Kothamangalam Subbu (born S. M. Subramanian, 10 November 1910 – 15 February 1974) was an Indian poet, lyricist, author, actor and film director based in Tamil Nadu. He wrote the cult classic Tamil novel Thillana Mohanambal and was awarded the Padma Shri. According to novelist Ashokamitran's memoirs, Subbu functioned as the No. 2 of the giant Gemini Studios of Chennai (formerly Madras), South India for over three decades and was a close associate of movie mogul S. S. Vasan, who established those studios and published the popular Tamil weekly Ananda Vikatan.

Early life

Subbu's natural name was Subramanian. He was born in the village of Kannariyenthal, near Pattukkottai, Tamil Nadu. His parents were Subbiah Ganapadigal Mahalinga Iyer and Kangammal. After losing his mother when he was young, Subbu received patronage from his younger aunt.

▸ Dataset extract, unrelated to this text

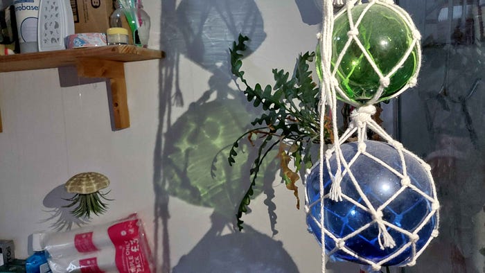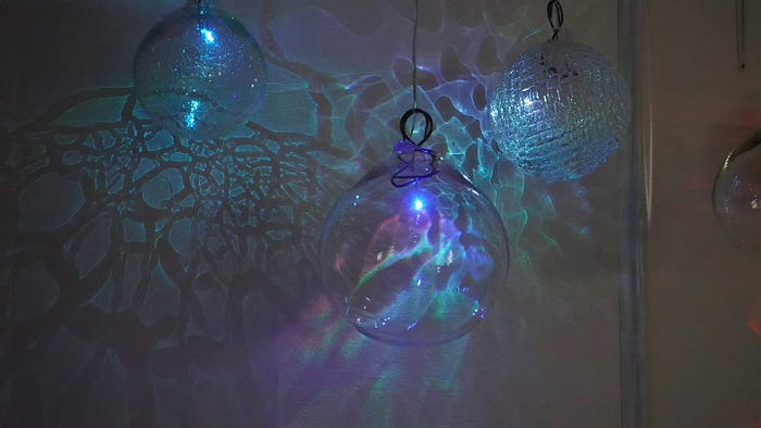 I have been interested in lights behaving like this for a while. In particular, when I go to the loo in the middle of the night, I use my phone torch rather than putting all the lights on — I don’t want to flashbang myself. When I do, the light passes through these big glass balls (glass floats for fishing) projecting some really interesting colours onto the wall.

He could continue his studies only up to 8th grade. After marrying his kin, Subbu settled in Kothamangalam and worked as an accountant in a business concern. However, his interests shifted toward Tamil drama, acting, singing, and composing songs. By the late 1930s, Subbu received opportunities for acting in the then-blossoming Tamil movies in Madras.

Career
Subbu directed the epic film Avvaiyar in which the great artiste of those days Smt K. B. Sundarambal played the lead role. Ashokamitran had profiled humorously how this film took shape in the Gemini Studios. Subbu, with his wife Sundari Bai, played a minor role in the movie as the husband of an incorrigible lady who refuses to serve Avvaiyar food. Subbu also directed Kannamma En Kadhali, that featured his wife Sundari Bai. Furthermore, Subbu acted as a hero in Miss Malini that was remade in Hindi as Mr. Sampath. Miss Malini was an adaptation of RK Narayan novel Mr Sampath. Dasi Aparanji was another movie in which Subbu and Sundari Bai played the leads. In addition, Subbu has acted in Tamil movies Thiruneelakantar and Pava Mannippu.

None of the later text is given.